Directions: Please print, exactly, only the lines in the entries below from the line that has "Be the envy" through the line that has "公牛(BULL) 安全抗电涌插座 带USB充电接口拖线板". Pictures don't go in.

Source information:

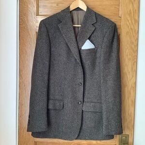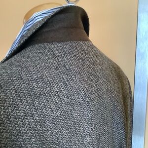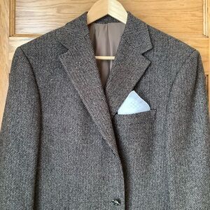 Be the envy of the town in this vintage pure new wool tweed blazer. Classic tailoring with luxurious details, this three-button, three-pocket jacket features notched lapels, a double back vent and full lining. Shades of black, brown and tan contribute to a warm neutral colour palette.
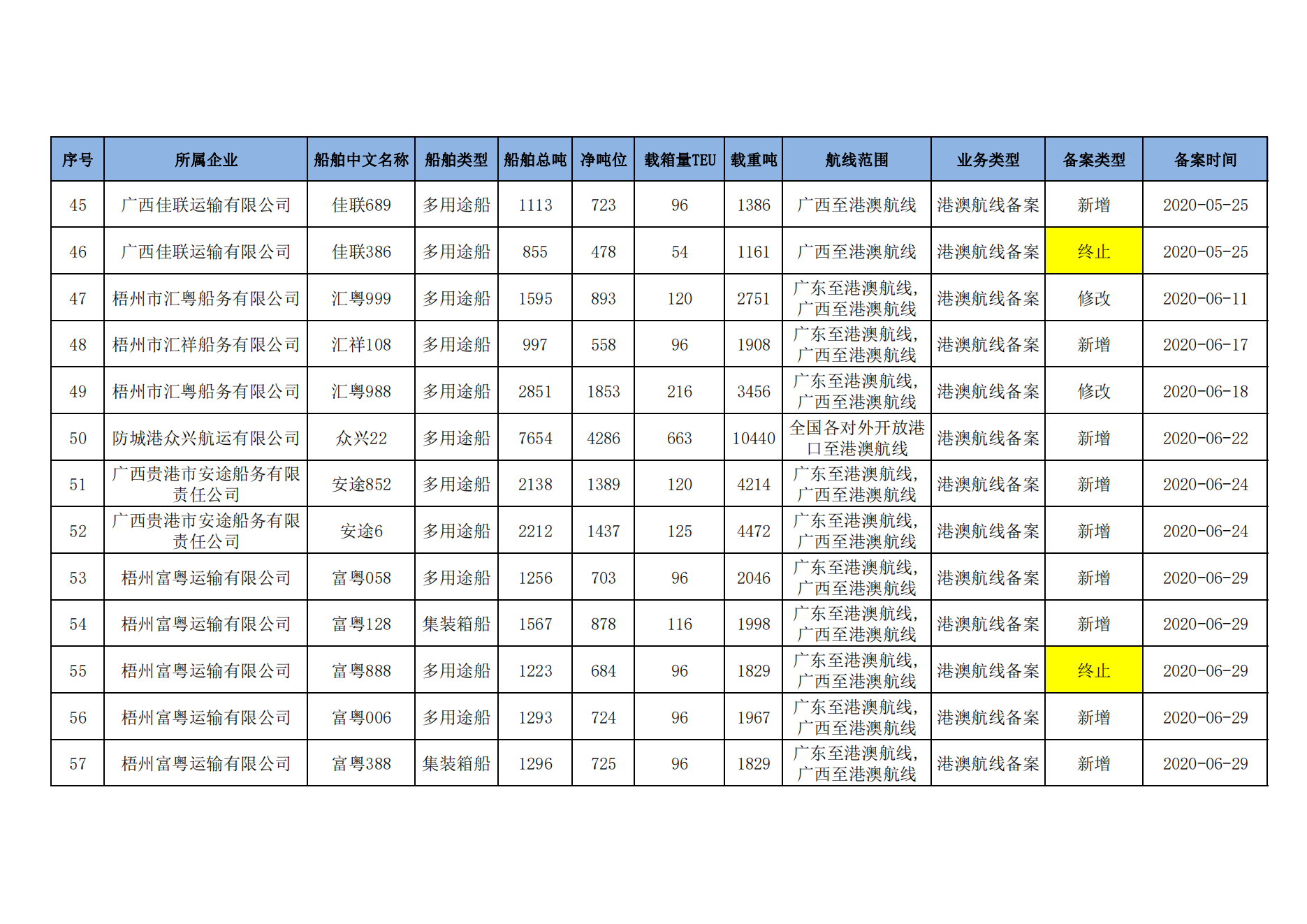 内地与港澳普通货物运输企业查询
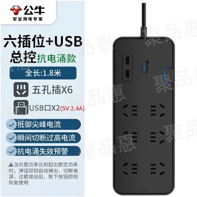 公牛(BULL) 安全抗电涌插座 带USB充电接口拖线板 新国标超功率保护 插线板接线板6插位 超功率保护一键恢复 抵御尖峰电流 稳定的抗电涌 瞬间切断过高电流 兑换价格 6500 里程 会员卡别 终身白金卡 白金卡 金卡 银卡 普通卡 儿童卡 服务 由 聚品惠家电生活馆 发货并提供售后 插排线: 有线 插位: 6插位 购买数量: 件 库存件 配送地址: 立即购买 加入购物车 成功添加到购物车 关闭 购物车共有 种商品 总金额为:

...

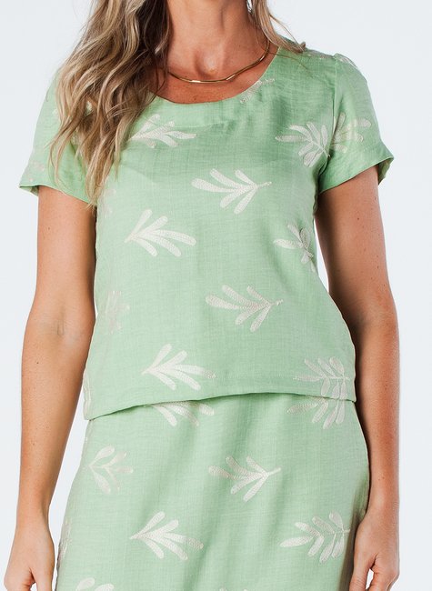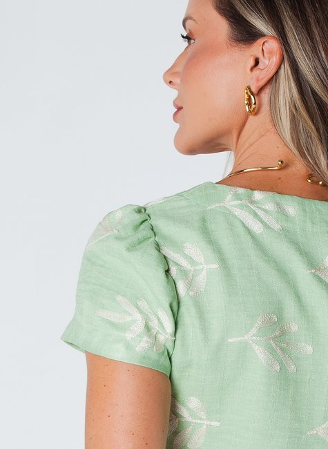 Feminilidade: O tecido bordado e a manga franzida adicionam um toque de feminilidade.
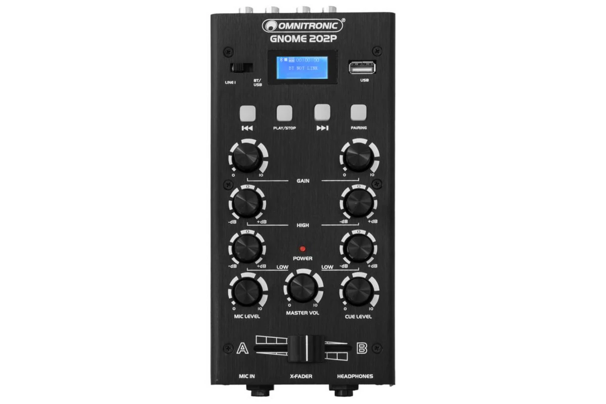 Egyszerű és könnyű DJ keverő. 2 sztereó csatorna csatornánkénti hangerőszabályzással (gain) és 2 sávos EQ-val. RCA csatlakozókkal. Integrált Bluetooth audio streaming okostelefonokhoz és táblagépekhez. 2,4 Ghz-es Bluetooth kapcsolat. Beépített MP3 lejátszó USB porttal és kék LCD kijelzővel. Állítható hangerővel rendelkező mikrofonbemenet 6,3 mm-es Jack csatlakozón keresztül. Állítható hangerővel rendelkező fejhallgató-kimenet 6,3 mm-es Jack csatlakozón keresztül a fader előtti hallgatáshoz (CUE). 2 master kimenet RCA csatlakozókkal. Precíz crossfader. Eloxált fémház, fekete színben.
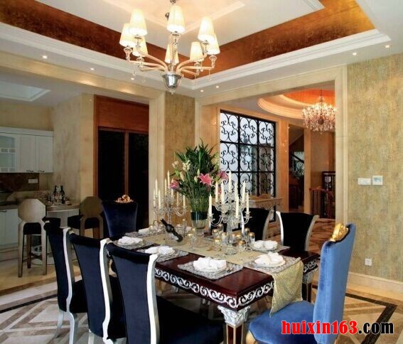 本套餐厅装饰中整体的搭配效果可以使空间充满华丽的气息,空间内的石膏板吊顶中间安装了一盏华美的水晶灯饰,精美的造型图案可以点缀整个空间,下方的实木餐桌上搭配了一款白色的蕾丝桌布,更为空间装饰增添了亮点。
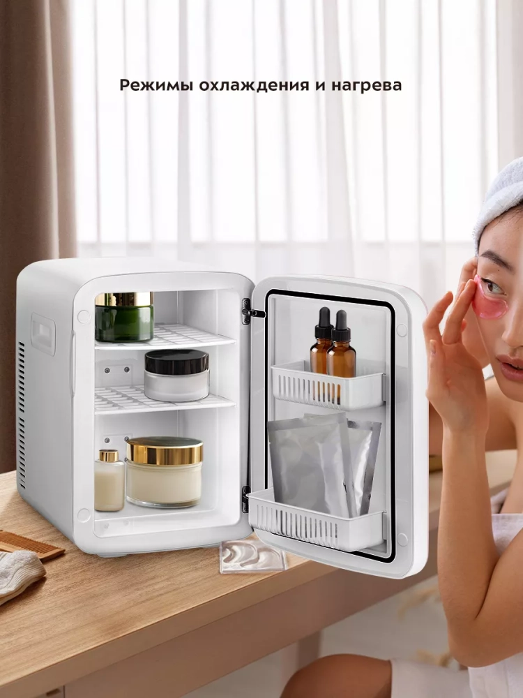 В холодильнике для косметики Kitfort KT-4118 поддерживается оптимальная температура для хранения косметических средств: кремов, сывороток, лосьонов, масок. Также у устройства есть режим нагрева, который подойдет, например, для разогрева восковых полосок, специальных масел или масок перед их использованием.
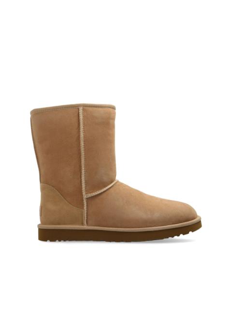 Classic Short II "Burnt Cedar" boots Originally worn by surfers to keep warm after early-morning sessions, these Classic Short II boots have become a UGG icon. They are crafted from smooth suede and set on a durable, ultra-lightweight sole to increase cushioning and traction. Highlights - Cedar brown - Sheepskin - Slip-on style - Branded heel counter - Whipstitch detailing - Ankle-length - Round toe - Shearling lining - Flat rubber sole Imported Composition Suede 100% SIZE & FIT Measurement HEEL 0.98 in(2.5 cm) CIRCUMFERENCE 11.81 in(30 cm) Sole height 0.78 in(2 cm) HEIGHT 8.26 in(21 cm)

Answer for the task:
 Be the envy of the town in this vintage pure new wool tweed blazer. Classic tailoring with luxurious details, this three-button, three-pocket jacket features notched lapels, a double back vent and full lining. Shades of black, brown and tan contribute to a warm neutral colour palette.
 内地与港澳普通货物运输企业查询
 公牛(BULL) 安全抗电涌插座 带USB充电接口拖线板 新国标超功率保护 插线板接线板6插位 超功率保护一键恢复 抵御尖峰电流 稳定的抗电涌 瞬间切断过高电流 兑换价格 6500 里程 会员卡别 终身白金卡 白金卡 金卡 银卡 普通卡 儿童卡 服务 由 聚品惠家电生活馆 发货并提供售后 插排线: 有线 插位: 6插位 购买数量: 件 库存件 配送地址: 立即购买 加入购物车 成功添加到购物车 关闭 购物车共有 种商品 总金额为:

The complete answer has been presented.